I would appreciate your review of the attached schematic and comments/answers to the following details that arose during the design process.
- Given circuit will be used with generic 5 VDC supply input rather than USB power is it correct to leave D+ and D- as floating?
- For non-USB operation is it correct that OTG and CE pins are grounded?
- Leaving VSET floating sets battery charge voltage to 4.208 VDC.
- What sets the voltage at which the BQ25616 disconnects the battery from load pending connection of charger voltage? Is the following correct?
- VBAT_DPL the BAT depletion falling threshold to turn off BATFET VBAT is specified as 2.18 min to 2.62 max V therefore the BQ25616 will disconnect the battery from SYS connected load at some voltage within that range.
- The pack to be used with BQ25616 based circuit has a protection circuit featuring voltage lower limit cutoff specified as 2.30 ± 0.050 V.
- Given the pack’s protection circuit cutoff voltage is within the range of BQ25616’s VBAT_DPL is there a danger the two circuits will trip each other into misbehaving? With no voltage present on VAC/VBUS pins two scenarios as battery reaches discharge state come to mind.
i. Pack’s circuit disconnects cell first, BQ25616 has no voltage source so at VAC/VBUS or BATT pins so it goes dark and cannot further effect pack until charger is plugged in.
ii. BQ25616 circuit disconnects cell first above pack’s 2.3 V trip off point, as per datasheet section 9.3.9.5.2 Battery Over-Discharge Protection. While pack supplies voltage to BATT pins the BQ25616’s Iq_bat quiescent battery current of circa 9.5 uA remains as a load on the pack. Thus eventually that uA load along with the cell’s self-discharge will eventually reach the pack’s 2.3 V trip off point. Stability depends on BQ25616 keeping battery disconnected from load as voltage on BATT lingers between 2.62 and 2.3 VDC.

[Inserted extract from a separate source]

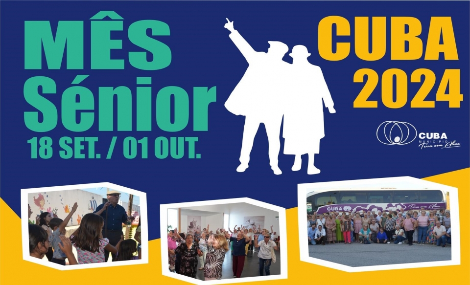 Até 1 de outubro, a Câmara Municipal de Cuba organiza a edição de 2024 do “Mês Sénior”, evento que celebra o Dia Internacional do Idoso, com um conjunto de atividades culturais e desportivas, pelas quatro freguesias do concelho.

5. Datasheet sections 10.2.1.2.1 Inductor Selection, 10.2.1.2.2 Input Capacitor and Resistor, and 10.2.1.2.3 Output Capacitor all use formulas that are a function of the switching frequency duty cycle. Prior to building a circuit and bench testing how is the duty cycle to be known? WEBBENCH or Tini-TI models do not appear to be available for simulation. Failing that the values used in datasheet and BQ25616EVM schematics were used. Are these sufficient or should they be checked against some range of duty cycles? If so what % range of 1.5MHz?